In the above, function "myfunction" is invoked by class object "b" and passes arguments "c,4,3,..." to the function. Once inside the function, the arguments in the parentheses are identified by the argument variables in the function definition such as "Vector::myfunction(Myclass & x, int y, float z)." However, the invoking object "b" is not an argument, so some mechanism is required to get access to the invoking object. This mechanism is through the pointer "this" which points to the invoking object. Thus, the object is "*this" using "*" to dereference the pointer.

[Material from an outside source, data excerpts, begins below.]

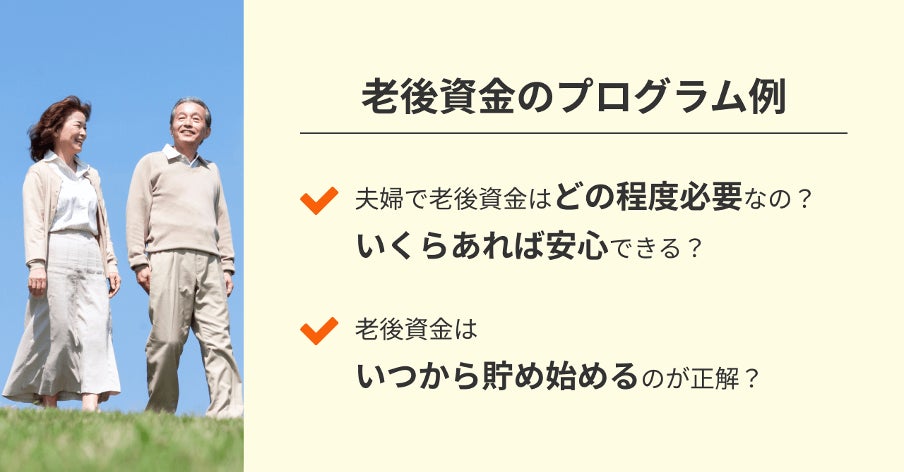 多くの年代の方からご相談を頂く機会が多い「老後資金」「教育費」「新NISA」などのテーマに対し、複数の相談プログラムをご用意しています。
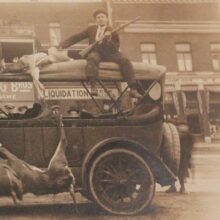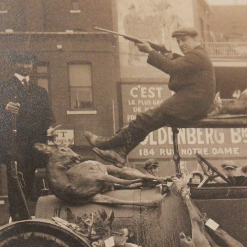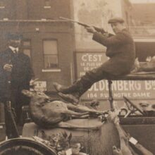 Original silver gelatin photograph of armed hunters returning from their war with wildlife, c. 1920s. Guns in the air, their sedan laden with the bodies of dead deer, the hunters make a triumphal homecoming. The urban, commercial setting (probably Montreal) stands in sharp contrast to the wilderness from which they have have returned. The gleeful expressions, the flaunted weapons, the closeness of death, the brutality and excess of their hunt — here situated in a workaday urban setting — all seem to warn of a dangerous threat beyond what is passable by Buick. The wilderness encroaches on this scene, and though the forest floor is littered with shotgun shells, it remains fearsome and unconquerable in the mind.
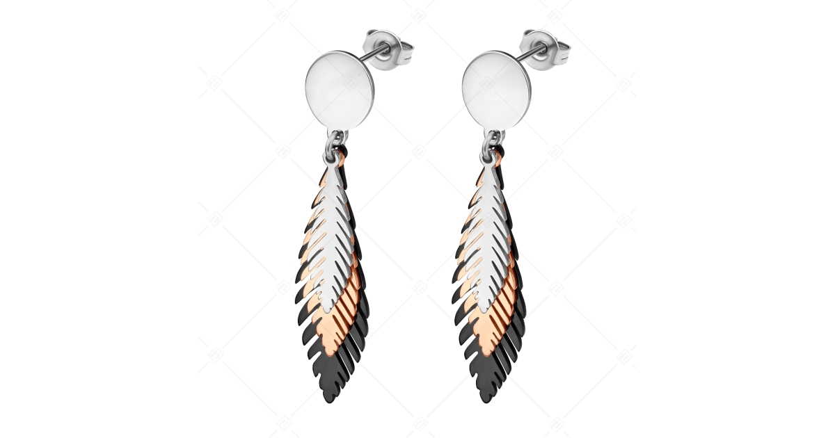 BALCANO - Pluma / Három színű madártoll alakú csüngő nemesacél fülbevaló
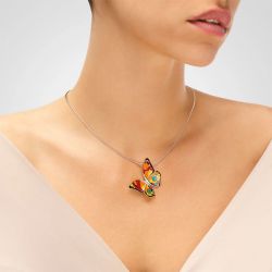 Collier Pendentif Papillon UNA STORIA Argent 925/1000 Laqué Multicolore et Oxydes BQ121184
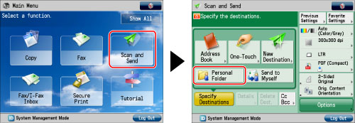 on the top right of the screen → [Register/Edit Info. for Each User] → [Personal Folder]The administrator can limit the destination for file transmission to each personal folder of the general user. (See "Restricting Destination for File Transmission.")
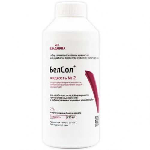 БЕЛСОЛ №2 - раствор хлоргексидина 2% 250 мл - жидкость для обработки слизистой оболочки полости рта.
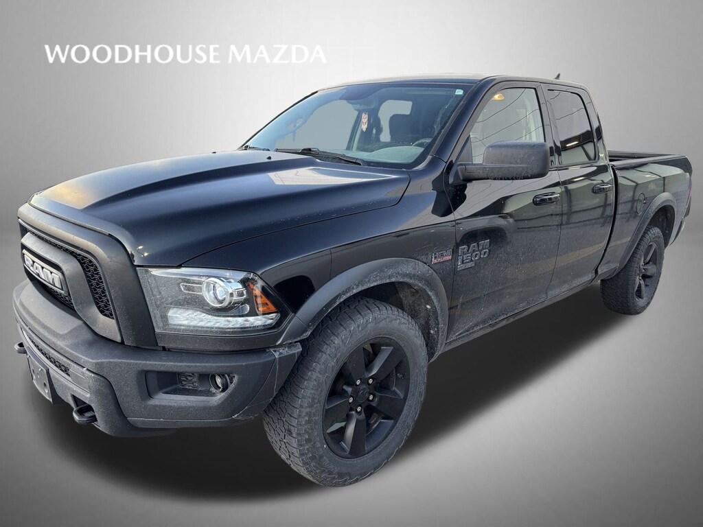 Diamond Black Crystal Pearlcoat 2019 Ram 1500 Classic Warlock 4WD 8-Speed Automatic 5.7L V8 1-Yr SiriusXM Guardian Trial, 17" x 7" Aluminum Wheels, 3.21 Rear Axle Ratio, 4-Wheel Disc Brakes, 4x4 Decal, 4x4 Flat Black Badge, 6 Speakers, 8.4" Touchscreen Display, ABS brakes, Active Grille Shutters, Air Conditioning, Air Conditioning ATC w/Dual Zone Control, Alloy wheels, AM/FM radio: SiriusXM, Apple CarPlay, Bi-Function Halogen Projector Headlamps, Black Exterior Truck Badging, Black Grille w/RAM Lettering, Black Headlamp Bezels, Black Headlamp Filler Panel, Black Powder Coated Front Bumper, Black Powder Coated Rear Bumper, Black RAM Head Tailgate Badge, Black Wheel Flares, Brake assist, Bumpers: chrome, Charge Only Remote USB Port, Cloth 40/20/40 Bench Seat, Cluster 7.0" TFT Color Display, Compass, Delay-off headlights, Driver door bin, Dual front impact airbags, Dual front side impact airbags, Dual Rear Exhaust w/Bright Tips, Electronic Shift, Electronic Stability Control, Electronics Group, Front anti-roll bar, Front Armrest w/3 Cupholders, Front Center Armrest w/Storage, Front LED Fog Lamps, Front reading lights, Front wheel independent suspension, Front Wheel Well Liners, Fully automatic headlights, Google Android Auto, GPS Antenna Input, HD Radio, Heated door mirrors, Hood Decal, Humidity Sensor, Illuminated entry, Integrated Voice Command w/Bluetooth, Low tire pressure warning, Media Hub (2 USB, AUX), Occupant sensing airbag, Outside temperature display, Overhead airbag, Overhead console, Panic alarm, ParkSense Rear Park Assist System, ParkView Rear Back-Up Camera, Passenger door bin, Passenger vanity mirror, Power door mirrors, Power steering, Power windows, Quick Order Package 27F Warlock, Radio data system, Radio: Uconnect 3 w/5" Display, Radio: Uconnect 4C w/8.4" Display, Rear anti-roll bar, Rear Extra HD Shock Absorbers, Rear Floor Mats, Rear step bumper, Remote keyless entry, Remote Start & Security Alarm Group, Remote Start System, Security Alarm, Semi-Gloss Black Hub, SiriusXM Satellite Radio, Speed control, Sport Tail Lamps, Tachometer, Tilt steering wheel, Tip Start, Tow Hooks, Traction control, Trip computer, USB Host Flip, Variably intermittent wipers, Voltmeter, Wheels: 20" x 8" Semi-Gloss Black Aluminum.
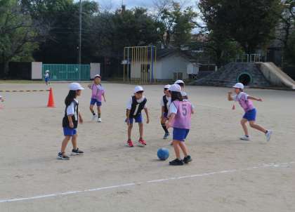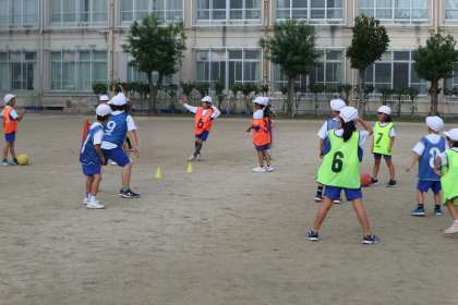 今日体育の「ボールけりゲーム」の学習で試合を行いました。

It is not always necessary to use "this" to access the invoking objec, although it helps prevent confusion. The foregoing example class "Vector" contained data "int x", "int y" and "char *Message". This data, for the invoking object, could be accessed by (*this).x, (*this).y, and (*this).Message. However, it is understood within a class function by default that x, y, and Message alone (without the *this) refer to the corresponding data items of the invoking object.

new and delete

The "new" and "delete" commands in the C++ language are used to allocate and deallocate memory for data. There are two ways to allocate memory: 1) allocate the memory in some fixed quantity at the time of compiling the program, 2) allocate memory dynamically as the program is running. In the first case, the size of the memory area is fixed and must be determined by the programmer beforehand. One example would be a fixed size array declaration such as:

	int z[1000];

The command above would create a fixed-size array with size 1000. A second method, is to allocate memory from the computer while the program is running. This is useful for handling unknown data sizes such as when reading in a file. In this case, the "new" command is used to allocate memory from the "free store". For example

	int * xp;
	xp =  new int[s];

where "s" is a variable containing the size of the array to be created. The above creates an array of size s, and sets the pointer xp to point at the first element in the array. Thus, "*(xp+4)=55;" would set the contents of the 4th element of the array to 55.

file IO

Use the functions provided in the projects to access files.